Agustin Delgado was one. He left the valley as a teenager to ply his trade first in Guayaquil and Quito, and later in Mexico, before Southampton came calling at the end of last year. But he hasn't forgotten where he came from and the 300 boys who now train every afternoon on the dusty pitches of El Juncal owe it all to him.
The Agustin Delgado Football School was established last year, financed entirely by the Southampton striker. Facilities are basic, to put it mildly, and at the end of training the boys plunge into the nearby river to wash before lining up for dinner. The extra nutrition provided by the school is a real bonus for these children, fed in shifts on large platefuls of rice and beans in the cramped and dimly lit front room of the Delgado family home on El Juncal's main street. Diana, Agustin's sister, who is in charge of the day-to-day running of the school, makes sure that everyone gets their fair share.
But change is in the air. In the office next door, architects' plans pinned to the wall show the way forward – a new football centre, complete with showers and dining room to be erected on a patch of open scrubland. The money for this is coming from the government, $200,000 (£139,000) which Agustin Delgado procured after a meeting with the president last year; a very tangible result for El Juncal of Ecuador's World Cup qualification.
It's an investment that is long overdue. The village is otherwise a motley collection of houses built of breeze blocks on unpaved, rubbish-strewn streets, where stray dogs wander and women do their washing at large open sinks. There's a high rate of unemployment, with agriculture the main source of work. Diana remembers, as a child, standing at the side of the main road hawking vegetables to passing motorists to help her family make ends meet.
This is why they insist that all the children at the football school learn to read and write. A condition of membership for the younger ones is that they go to school in the morning. All the children, unsurprisingly, want to follow in the footsteps of their hero and benefactor, Agustin, and there's a good chance that some of them will make it, given the large number of black professional footballers in Ecuador.
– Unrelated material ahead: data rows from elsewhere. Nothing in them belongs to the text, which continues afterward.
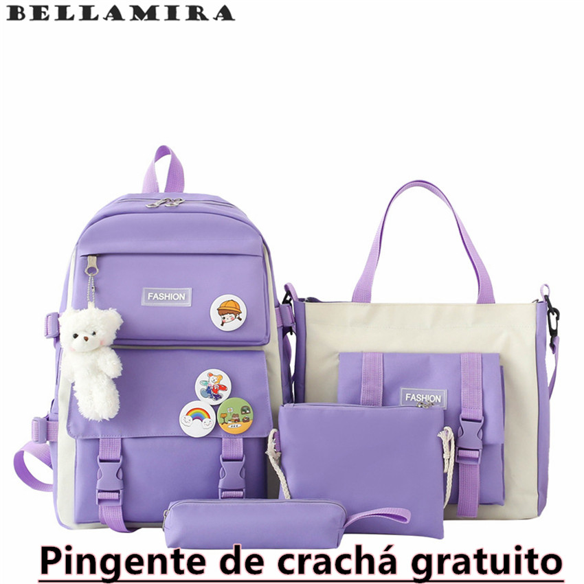KIT 4 Mochila Escolar Multifuncional Escolar Grande Capacidade De Bolsa De Mão Tecido De Nylon Resiste
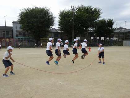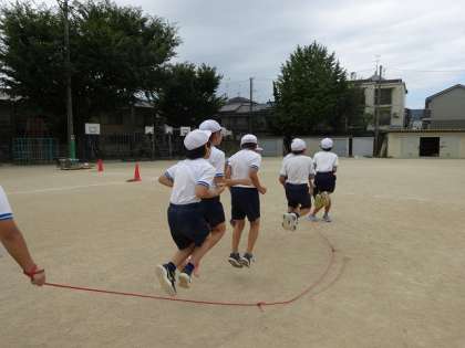 1回目の練習より,縄に入る人数を増やして跳びました。2列になって跳ぶと,タイミングを合わせるのがとても難しいです。子どもたちも苦戦していました。また,縄を回すときには膝を曲げるなどの工夫もしていました。
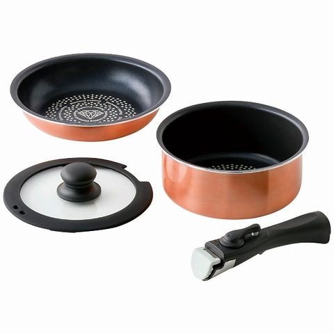 耐久性に優れたダイヤモンドコートを採用。外面はメタリックな銅色で高級感があります。ハンドルが取り外せるので収納にも便利です。

But most of them won't and the school wants them to have something else to fall back on. "A lot of people here suffer from a real lack of self-esteem," says Diana. "If someone asks them where they come from, many of them are embarrassed to say that they come from El Chota, because of all the poverty here.
"We're planning to change that, to give them self-esteem, to make them proud that they come from here."
The boys seem genuinely grateful to Agustin Delgado for the opportunity they've been given. All mention his name and thank him when asked about the school. All of them want to be like him.
As for Ecuador's chances in Japan, there are mixed views. One said confidently that a draw with Italy and wins over Croatia and Mexico would see them into the second round. Another said it didn't really matter what happened – the important thing was that Ecuador would be there.